*** Exercise material ***

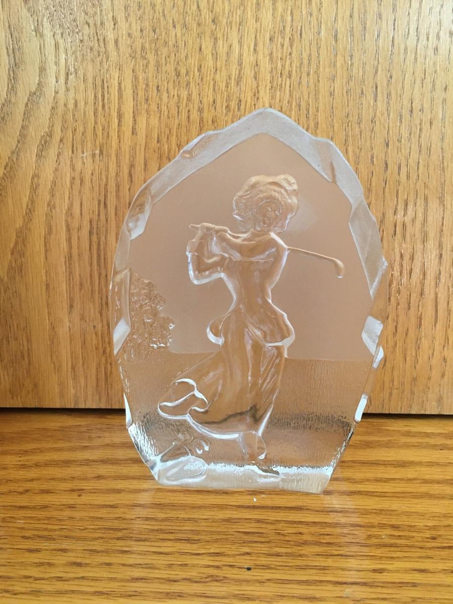 Vintage heavy art glass , paperweight figure of woman golfer. Made in Sweden. Excellent condition.
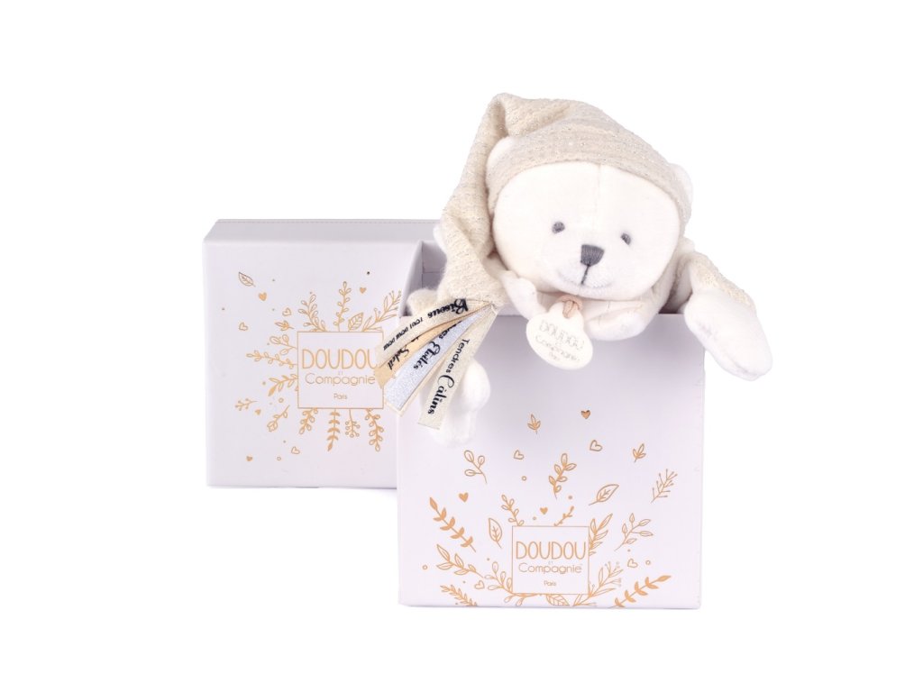 Doudou Dárková sada Plyšový muchláček medvídek s čepičkou béžový 25 cm
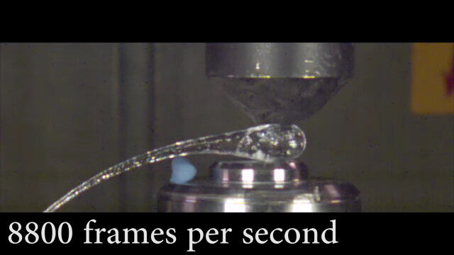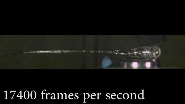不思議な特性を持つガラス「プリンス・ラパートの滴」を銃弾で撃ち抜く瞬間の超スローモーション映像
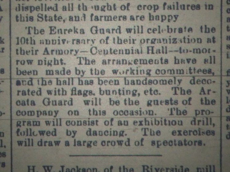 1889.03.15 Eureka Guard 10th Anniversary
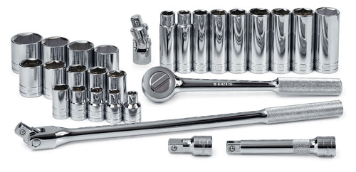 28 Piece 1/2" Drive 6 Point Std and Deep SAE Socket Set
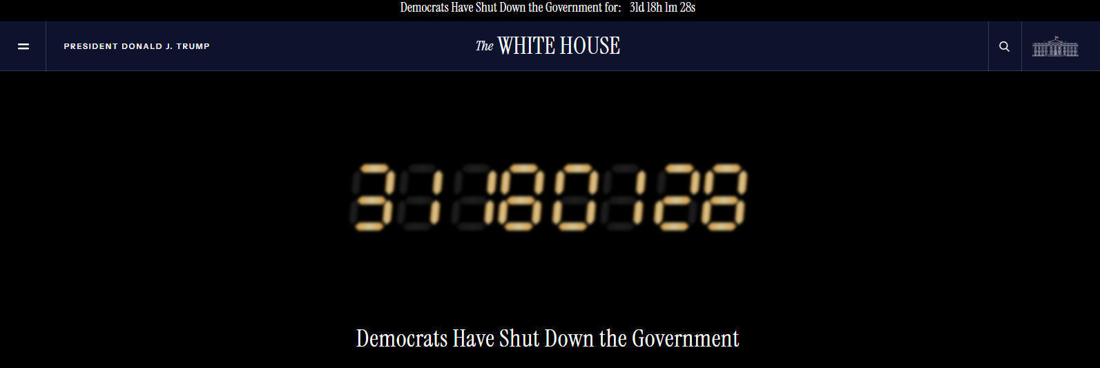 截至美東時(shí)間11月1日18時(shí)(北京時(shí)間11月2日6時(shí)),美國(guó)白宮官網(wǎng)實(shí)時(shí)刷新紀(jì)錄的這次美國(guó)政府“停擺”已經(jīng)持續(xù)了31天零18個(gè)小時(shí)。在白宮官網(wǎng)的頁(yè)面上,寫(xiě)有“民主黨人關(guān)停了政府”的字樣。
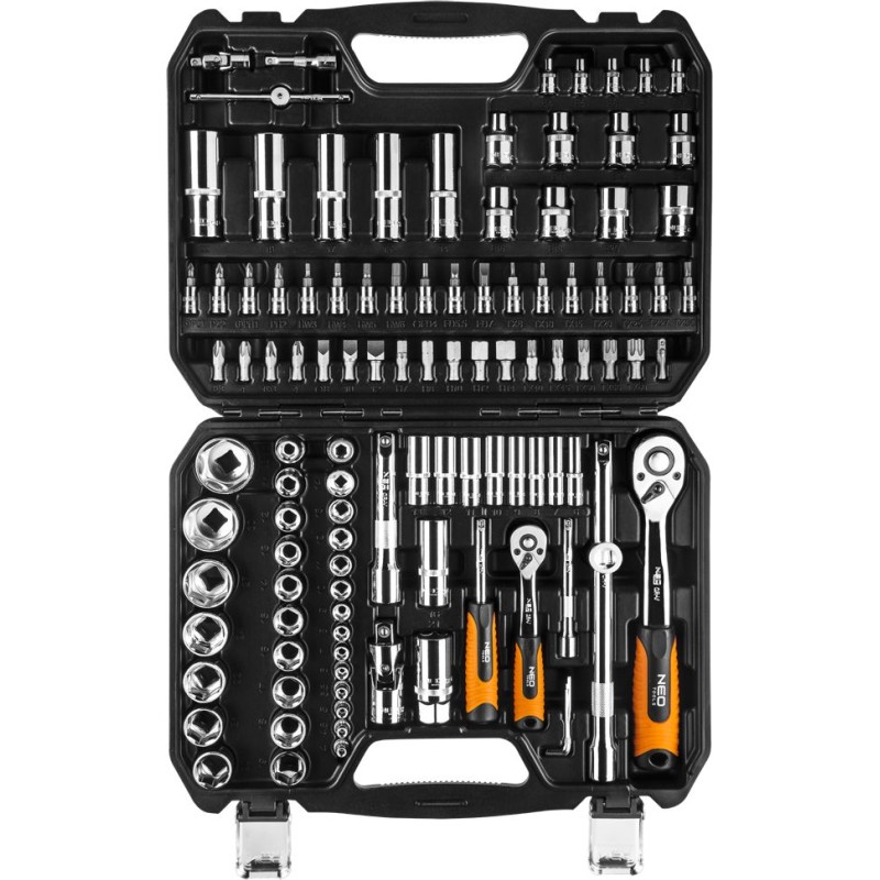 Ganz gleich, ob Sie beruflich als Heimwerker tätig sind und Steckschlüssel täglich bei der Arbeit verwenden oder ob Sie eher nur gelegentlich darauf zurückgreifen, wenn Sie selbst kleinere Arbeiten im Haus oder am Auto erledigen müssen. Das 110-teilige NEO-Set im praktischen Koffer ist eine hervorragende Wahl – alle Teile sind darin übersichtlich angeordnet und haben ihren festen Platz, wodurch es viel einfacher ist, die benötigten Werkzeuge auszuwählen und sie in einwandfreiem Zustand zu halten. Anstatt im Werkzeugkasten oder in der Schublade nach dem richtigen Schlüssel zu suchen, reicht es, nach dem Griff und dem gewünschten Aufsatz zu greifen. Der Koffer erleichtert zudem die sichere Aufbewahrung des Sets und dessen bequemen Transport.
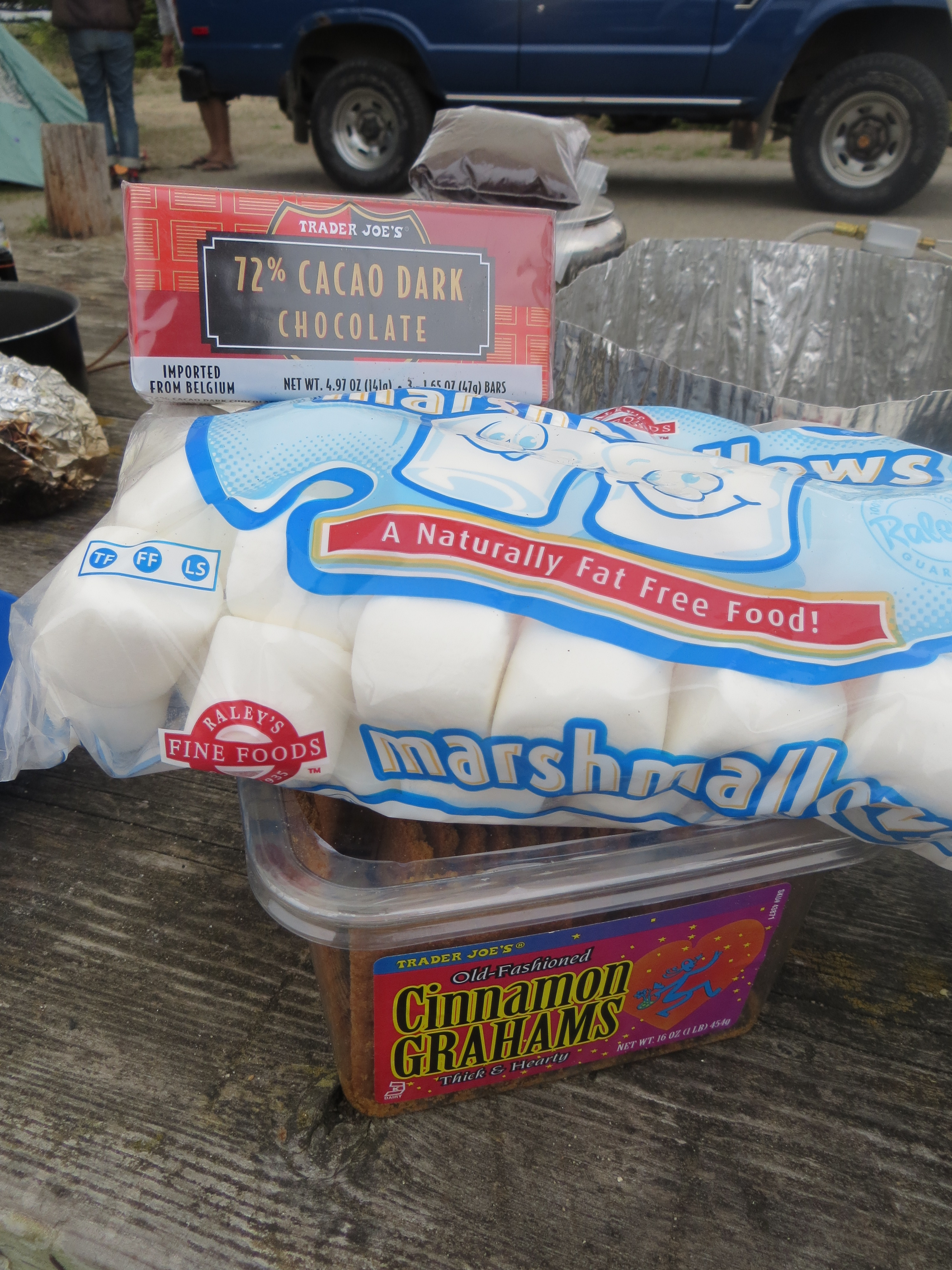 We enjoyed this hearty meal with corn on the cob and brown rice that my brother cooked over the stove, as well.  It was the best camping meal I have ever had!  For dessert, we had freshly brewed coffee, oatmeal raisin cookies that I had made the day before, and the grand finale… S’MORES:
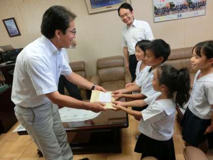 上福なかよし畑を見学いただいた後、先日パッケージ作りをした奈良漬を3年生から手渡しました。区長さんもとても喜んでおられました。
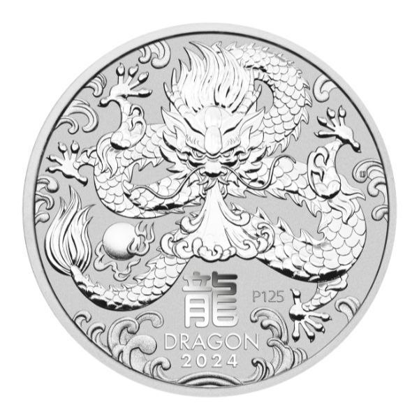 Реверс монети вражає динамічним образом величного дракона, який ширяє серед хмар, тримаючи в лапах перлину мудрості. Його тіло прикрашене детальним лускатим орнаментом, що блищить у променях світла, створюючи відчуття руху. У нижній частині розміщені китайський ієрогліф «龍» (дракон), напис «DRAGON 2024» і знак монетного двору «P125». Художник передав у цьому дизайні силу та благородство, властиві цьому легендарному створінню.
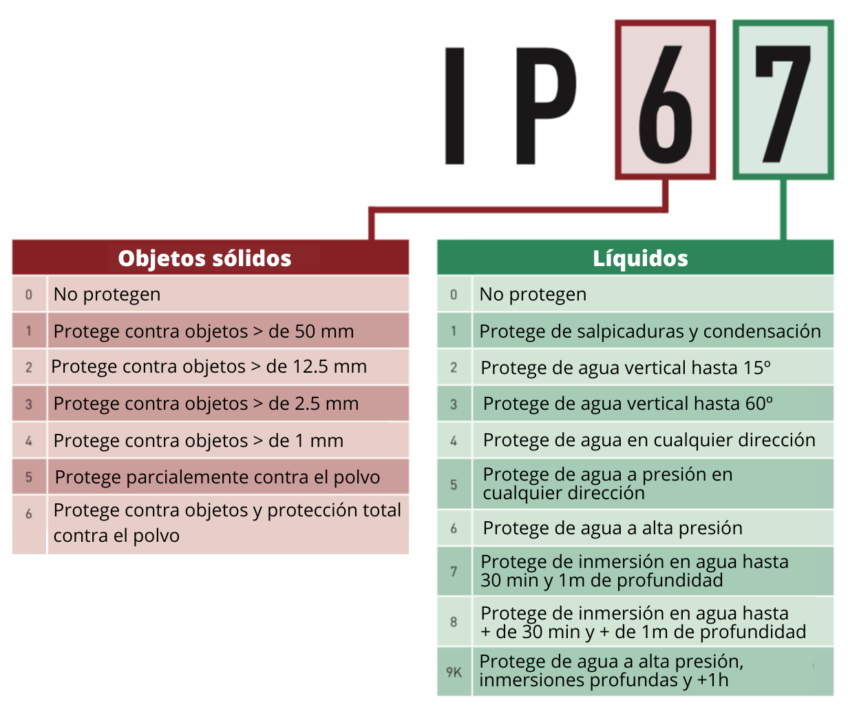 * El primer número indica hasta qué punto la lámpara está protegida contra la entrada de objetos sólidos. Este número va de 0 a 6, siendo 0 el más bajo y 6 el más alto.
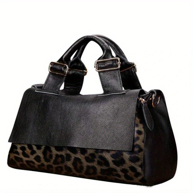Fashion Genuine Leather Big Tote Handbags Leopard Pattern Soft Ladies Shoulder Bags
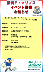 「第4 回 マリノスサッカースクール 1DAYスクール」開催のお知らせ。 「第4回 マリノスサッカースクール 1DAYスクール」 開催のお知らせ。 詳しくはこちらをクリック。 皆様のご参加を、心よりお待ちしております。!! ... 続きを読む
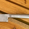ステンレス鋼を使用したオールステンレスの牛刀包丁に、エッチングで薔薇の模様を描きました。
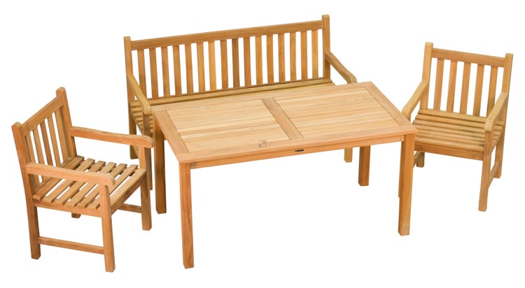 Teak Sitzgruppe 1 Teakbank 150 cm 2 Teak Sessel 1 Teak Tisch 150 x 80 cm im Set

***

Directions for this task: Only one stretch of the listing is wanted: the lines starting at the one with "Doudou Dárková sada" and ending at the one with "SAE Socket Set", copied exactly and free of pictures.

Answer space:
 Doudou Dárková sada Plyšový muchláček medvídek s čepičkou béžový 25 cm
不思議な特性を持つガラス「プリンス・ラパートの滴」を銃弾で撃ち抜く瞬間の超スローモーション映像
 1889.03.15 Eureka Guard 10th Anniversary
 28 Piece 1/2" Drive 6 Point Std and Deep SAE Socket Set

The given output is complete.